United States District Court, D. Hawaii

June 1, 2018

THAD THOMPSON, #A5013250, Plaintiff,
v.
NURSE RISSA, et al., Defendants.

          ORDER DENYING PETITION FOR RECONSIDERATION

          Derrick K. Watson, United States District Judge.

         Before the court is pro se Plaintiff Thad Thompson's Petition for Reconsideration to Grant Plaintiff's ‘In Forma Pauperis' (IFP) Application (“Petition”). ECF No. 5. Because more than twenty-eight days have passed since judgment was entered, the court construes Plaintiff's Petition as seeking reconsideration pursuant to Rule 60 of the Federal Rules of Civil Procedure (“FRCP”). For the following reasons, the Petition is DENIED.

         I. BACKGROUND

         On March 14, 2018, Plaintiff filed his Complaint.

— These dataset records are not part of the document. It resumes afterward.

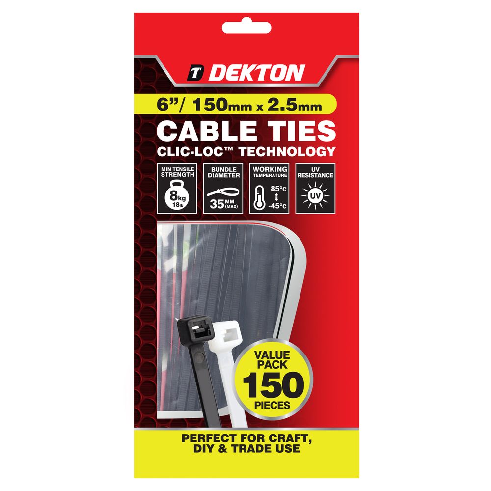 Home / Our Products / DEKTON 150 PCS 2.5MM x 150MM BLACK CABLE TIES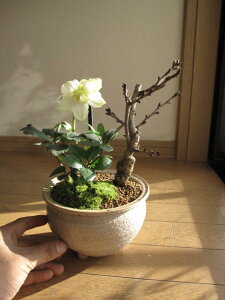 幸せの白い花クリスマスローズ 桜の 開花予定は 3月下旬〜 4月初旬です 花芽確認済みの 桜を お届けいたします。 クリスマスローズと桜の寄せ植え サイズ 樹高 約20センチ 樹幅 約15センチ 当店オリジナル信楽鉢入り 職人が手作りで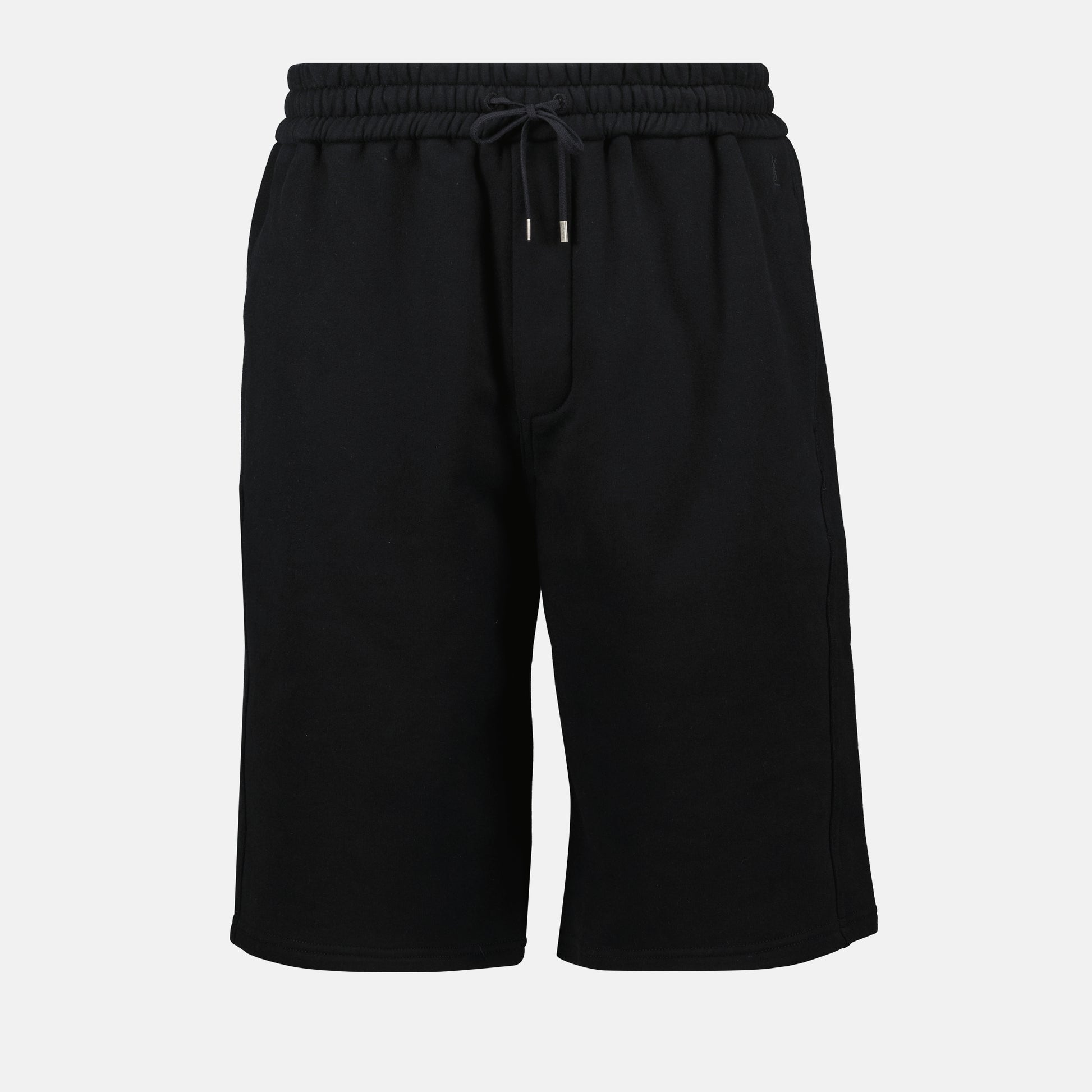 Bermuda Cassandre noir de Saint Laurent est un vêtement pour homme de la collection Printemps-Été 2025. Il est fabriqué en coton avec une coupe droite et des détails pratiques.

He alleged that Halawa Correctional Facility (“HCF”) nurses and other medical staff delayed or denied him adequate medical care since approximately September 2015. See Compl., ECF No. 1. The court reviewed its records to determine whether Plaintiff had “on 3 or more prior occasions, while incarcerated or detained in any facility, brought an action or appeal in a court of the United States that was dismissed on the grounds that it is frivolous, malicious, or fails to state a claim upon which relief may be granted.” 28 U.S.C. § 1915(g); see also Andrews v. King, 398 F.3d 1113, 1120-21 (9th Cir. 2005) (stating “district court docket records may be sufficient to show that a prior dismissal satisfies at least one of the criteria under § 1915(g) and therefore counts as a strike”). Because Plaintiff had accrued 3-strikes, [1] the court screened the Complaint to determine whether it showed that he was in imminent danger of serious physical injury when it was filed. See 28 U.S.C. § 1915(g); Andrews v. Cervantes, 493 F.3d 1047, 1055 (9th Cir. 2007) (holding that a prisoner who has accrued three strikes may not proceed IFP unless his “complaint makes a plausible allegation that [he] faced ‘imminent danger of serious physical injury' at the time of filing”).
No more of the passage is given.